Game show in which questions are graded on how difficult the British public found them

In Beat the Nation, contestants answer general knowledge questions that are worth different amounts of points depending on how hard the nation as a whole found that question.

The questions are graded on the basis of a YouGov survey of over 1000 people around the country. Each question is worth the percentage of the nation that could not get the answer right. So, a question that 43% of the nation did not know, would give the player 43 points if he or she got the answer correct.

The player with the lowest score is eliminated at the end of each round. The last player remaining goes through to the episode final to see if they can win the cash prize. If they lose, they can come back in the next programme.

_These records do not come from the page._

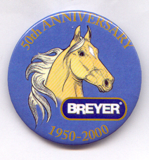 Button of Palomino Saddlebred horse model that went over a clock for Breyer’s 50th Anniversary #571 Mantlepiece Clock with Saddlebred Stallion. Pin back button was made by Breyer for a limited time during the same year the model/clock was available(2000). Made in 2000 only, this is sure to be a great collector piece!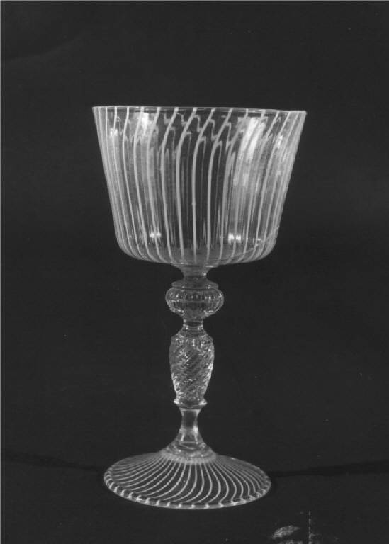 Calice di vetro cristallino ornato nella coppa, piuttosto larga, con fasce di vetro lattimo bianco riprese anche sul piede a disco, gambo costituito da una sfera schiacciata e da fuso lavorati in rilievo.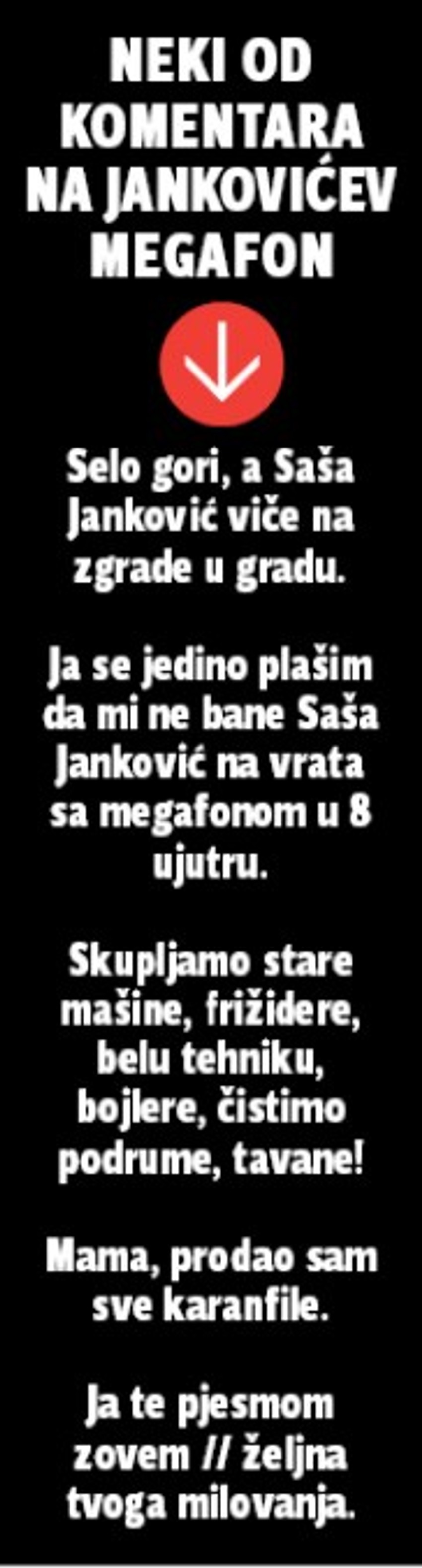 Slika Saše Jankovića koji sa megafonom uperenim u zatvorena vrata Predsedništva Srbije deklamuje spisak pitanja predsedniku Aleksandru Vučiću predmet je brutalnih, podjednako duhovitih i malicioznih šala na račun nekadašnjeg lidera opozicije.

Although the show is a simple general knowledge programme, each round differs slightly. One round features a well-known personality on videotape, and the contestants try to guess if they will get a question right to double their points.

Before the commercial break in the middle of the programme, the viewer is asked a 1% question. This is a question that only one per cent of the population got right. The question is answered after the break.

Intrestingly, the programme makes a regular joke about how large numbers of people get seemingly obvious questions wrong, and each episode ends with a statistic about many people could not answer a question about who composed Handel's Water Music, for example.

Beat the Nation was presented by Graeme Garden and Tim Brooke-Taylor. It was broadcast early 2004, as a replacement for Fifteen to One, which had been axed a few months before. Only one series was ever broadcast, and the time slot no longer contains game shows. It was made by Endemol for Channel 4.